The model decodes speech segments with up to 73% top-10 accuracy from a vocabulary of 793 words.
Meta has been working on the practical application of its AI tools in different fields for quite some time, with its MyoSuite being an example of the benefits granted with AI in medicine. This time, the company presented a new AI model that can help people with medical conditions. The model can decode speech from noninvasive recordings of brain activity.
Meta claims that from three seconds of brain activity, the model can decode the corresponding speech segments with up to 73% top-10 accuracy from a vocabulary of 793 words.
The deep learning model is trained with contrastive learning and then used to align noninvasive brain recordings and speech sounds. To do this, the researchers use wave2vec 2.0, an open-source learning model which helps identify the complex representations of speech in the brains of volunteers listening to audiobooks.
"We focused on two noninvasive technologies: electroencephalography and magnetoencephalography (EEG and MEG, for short), which measure the fluctuations of electric and magnetic fields elicited by neuronal activity, respectively. In practice, both systems can take approximately 1,000 snapshots of macroscopic brain activity every second, using hundreds of sensors."
The researchers leveraged four open-source EEG and MEG datasets, capitalizing on more than 150 hours of recordings of 169 healthy volunteers listening to audiobooks and isolated sentences in English and Dutch. Then, they input those EEG and MEG recordings into a “brain” model, which consists of a standard deep convolutional network with residual connections.

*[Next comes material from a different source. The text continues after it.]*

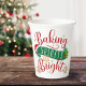 In diesen festlichen Feiertagskuppen ist die Phrase "Baking Spirits Bright" in den Farben Weihnachtsrot, Grün und Gold enthalten. Das Design umfasst eine Weihnachtsmannmütze, heilig mit Beeren, Weihnachtskeksen und Sternexplosion Akzenten.
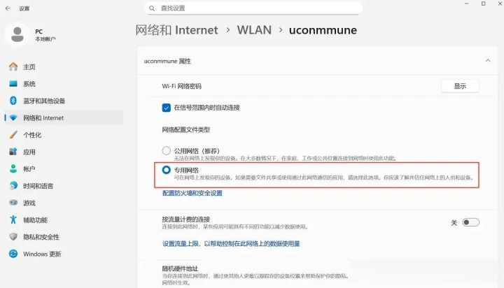 设置方法:设置—网络和Internet—WLAN—属性— 在网络配置文件类型中选择专用网络

The architecture learns to align the output of this brain model to the deep representations of the speech sounds that were presented to the participants. After training, the system performs zero-shot classification: "given a snippet of brain activity, it can determine from a large pool of new audio clips which one the person actually heard. From there, the algorithm infers the words the person has most likely heard."
The next step is to see if the team can extend this model to directly decode speech from brain activity without needing the pool of audio clips.
The paper concludes that this approach benefits from the pulling of large amounts of heterogeneous data, and could help improve the decoding of small datasets. The algorithms could be pretrained on large datasets inclusive of many individuals and conditions, and then support the decoding of brain activity for a new patient with little data.